The last thing I’d like to say is my staff have done a magnificent job and I’m really proud of them.
Captain Greg Richert:
For the patient’s safety, we had to make sure to keep him immobilised due to his injuries, which was very complicated in a plane. They vibrate quite a bit, which can also add to a lot of pain problems due to his injuries, which I really shouldn’t get into for privacy’s sake. He had a significant amount of injuries that required a lot of pain control. For that, we ended up having to sedate him entirely for the entire flight so, because of that, we chose to bring a critical care specialist with me from Hawaii which came down a couple of days before the mission.
And then also we had a physician from the Australian Antarctic Division Department, who was a critical care specialist and critical care nurse from their team come, along with my three-person (myself included) team at McMurdo Station gave us an eight-person medical team that was able to intensively monitor the patient the entire flight, keep him stable, keep him sedated for comfort and basically make sure his positioning didn’t change that would further aggravate his injuries.

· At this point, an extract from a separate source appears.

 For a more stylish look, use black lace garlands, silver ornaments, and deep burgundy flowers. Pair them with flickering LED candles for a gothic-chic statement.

And the entire flight he was stable. It went as well as we could have hoped for and was very uneventful once we got him on the plane and got him stabilised.
Major Dave Lafrance:
The challenge for us was to see how well the folks at Davis had actually prepared the surface for us and they kind of went so we’ve got to get a plane in, what’s the length that you need and it’s not like you have somebody on station that’s experienced at all the camps at making a proper runway and so, you know, we asked him for as many pictures as possible and I’m envisioning quite a rough surface and it’s going to be quite challenging and I’ll tell you that the folks down there just prepared a great runway for us. It was smooth, it was quite slick but the biggest obstacle for us was making sure the penguins stayed out of our way. [laughter]

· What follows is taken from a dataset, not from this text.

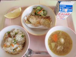 11月4日(火) コーンピラフ 鱈のパン粉焼き ざっくりサラダ アルファベットスープ グレープフルーツ、牛乳 |

They did a fabulous job getting it ready for us and they actually, when we landed, they said, “You only used about a quarter of the runway and we prepared all this runway for you,” and I said, “Don’t worry. Tomorrow we’re taking out very heavy so I’ll use almost all your runway,” and so they did a great job and it made my job a lot easier.
Dr Jeff Ayton:
Firstly, I’d like to say I’m extremely grateful for the efforts of Captain Richards and his team at bringing Dwayne back to Hobart. Dwayne was cared for by the Flying Doctor for 10 days in Antarctica and the lay medical assistants. He has serious injuries but he’s stable and he remains stable and he was stable throughout the flight and this morning at the Royal Hobart Hospital he remains stable. He is being managed in intensive care and will be going to surgery at the earliest opportunity to start surgery on his ankles and feet, which are the most concerning injuries for Dwayne.
The doctor we have down there, Dr Lloyd Fletcher, he is a very experienced doctor. He’s on his eighth winter in Antarctica. He’s a generalist remote medicine doctor and he has done a heroic effort with his lay team in managing Dwayne. Certainly, there are stresses and that those stresses and fatigue are managed with support, tele-medical support, back to the polar medicine unit here and we had four-hourly contacts with the station and the station doctor and the lay medical assistants throughout that period. Of course, it was a huge relief to get the second doctor in at day 10 and some additional medical supplies and then a further relief to have Dwayne safely back in Australia in the early hours of this morning.
The family had an opportunity to see Dwayne at the airport last night at about - just before midnight and I’ve been in contact with the family right throughout the scenario.